Pythagorean triple count

I'm trying to calculate how many Pythagorean triples there are with all arguments under a given value and my program won't finish when I set my limit at 1000.

Here it calculates a number in about a second when I set the limit at 100:

sage: len([(a,b,c) for a in range(1,100) for b in range(1,100) for c in range(1,100) if a^2+b^2==c^2])

But when I switch 100 to 1000 it computes endlessly and I need to abort the program.

Is there a way to make this code more efficient so it doesn't get overloaded? For example I've been trying to find a way to condense the variable range declarations but I'm not getting answers. I'm also new to Sagemath.

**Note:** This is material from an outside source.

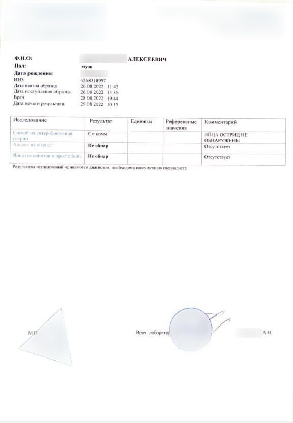 Оформить и купить Справку анализа кала - соскоба на энтеробиоз в нашей клинике - это просто и удобно. Просто предоставьте необходимые данные через WhatsApp и получите документ, который будет подтверждением вашего здоровья и отсутствия паразитических инфекций.

edit retag close merge delete

Your code runs in O(n^3), n being your limit. If you need "about a second" for n=100, it wil need "about 1000 seconds" for n=1000. That's about 20 minutes. Add to that the (possibly considerable) time needed to print the result...

Is this homework ? In this case, just a hint : start with c^2 and retain two-element partitions whose members are both squares. This could be accelerated by computing a list if squares...

( 2024-02-22 10:29:05 +0200 )edit

len([...]) is a waste of memory since it creates a huge list just to compute its length. Use sum(1 for a in ...) instead.

( 2024-02-22 16:30:16 +0200 )edit

Sort by ยป oldest newest most voted

There is a known formula for the number of representations as the sum of two squares - see Wikipedia. Employing it, you can have summation $r_2(c^2$) just over $c$, which will give a dramatic speed-up.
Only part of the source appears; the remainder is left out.